**EXERCISE DATA:**
========

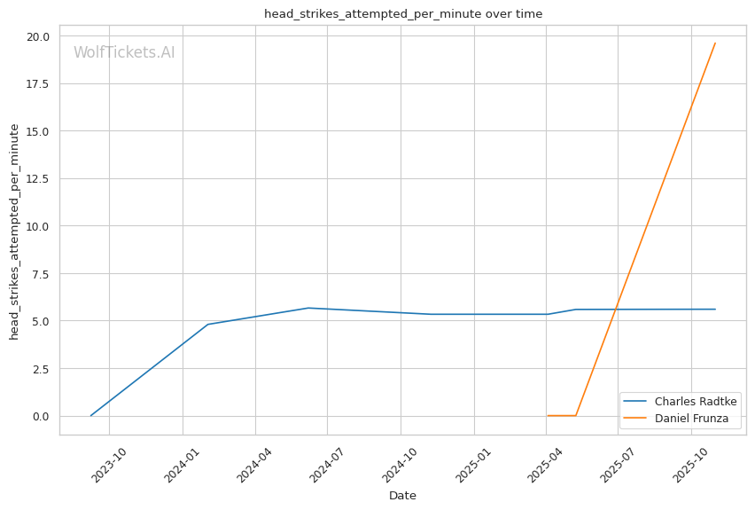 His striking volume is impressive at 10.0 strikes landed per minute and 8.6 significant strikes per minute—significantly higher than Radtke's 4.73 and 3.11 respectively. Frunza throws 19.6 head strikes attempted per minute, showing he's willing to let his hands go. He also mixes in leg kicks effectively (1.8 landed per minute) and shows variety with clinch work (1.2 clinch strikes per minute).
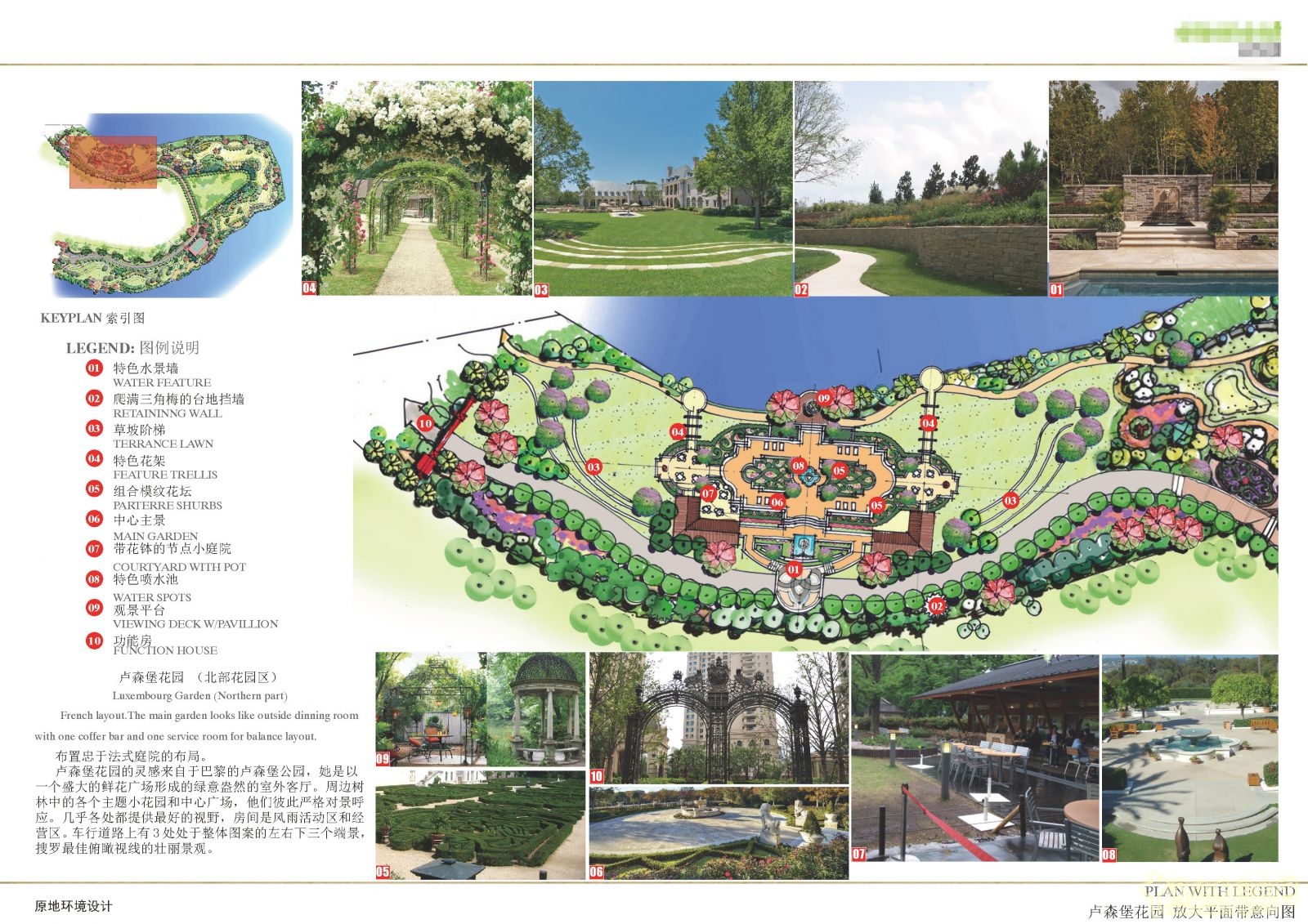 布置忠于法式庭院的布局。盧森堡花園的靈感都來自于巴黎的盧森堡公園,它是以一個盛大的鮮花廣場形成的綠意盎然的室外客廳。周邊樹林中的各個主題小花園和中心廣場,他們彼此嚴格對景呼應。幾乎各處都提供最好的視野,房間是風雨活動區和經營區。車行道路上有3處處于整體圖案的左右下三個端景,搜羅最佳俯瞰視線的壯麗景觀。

========

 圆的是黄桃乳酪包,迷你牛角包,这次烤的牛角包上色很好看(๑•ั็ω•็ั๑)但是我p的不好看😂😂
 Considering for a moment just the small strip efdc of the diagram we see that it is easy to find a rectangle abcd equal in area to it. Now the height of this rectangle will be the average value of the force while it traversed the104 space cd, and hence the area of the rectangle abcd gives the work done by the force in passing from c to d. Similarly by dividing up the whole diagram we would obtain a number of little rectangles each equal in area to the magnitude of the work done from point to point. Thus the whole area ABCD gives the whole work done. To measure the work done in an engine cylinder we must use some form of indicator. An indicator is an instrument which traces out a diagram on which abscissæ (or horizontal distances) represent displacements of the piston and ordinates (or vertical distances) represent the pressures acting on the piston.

========

**TASK GOAL:**
Look above for the line with "His striking volume" and the line with "布置忠于法式庭院的布局。盧森", then restate exactly those two lines and all lines between them, with no pictures.

**WRITTEN SOLUTION:**
 His striking volume is impressive at 10.0 strikes landed per minute and 8.6 significant strikes per minute—significantly higher than Radtke's 4.73 and 3.11 respectively. Frunza throws 19.6 head strikes attempted per minute, showing he's willing to let his hands go. He also mixes in leg kicks effectively (1.8 landed per minute) and shows variety with clinch work (1.2 clinch strikes per minute).
 布置忠于法式庭院的布局。盧森堡花園的靈感都來自于巴黎的盧森堡公園,它是以一個盛大的鮮花廣場形成的綠意盎然的室外客廳。周邊樹林中的各個主題小花園和中心廣場,他們彼此嚴格對景呼應。幾乎各處都提供最好的視野,房間是風雨活動區和經營區。車行道路上有3處處于整體圖案的左右下三個端景,搜羅最佳俯瞰視線的壯麗景觀。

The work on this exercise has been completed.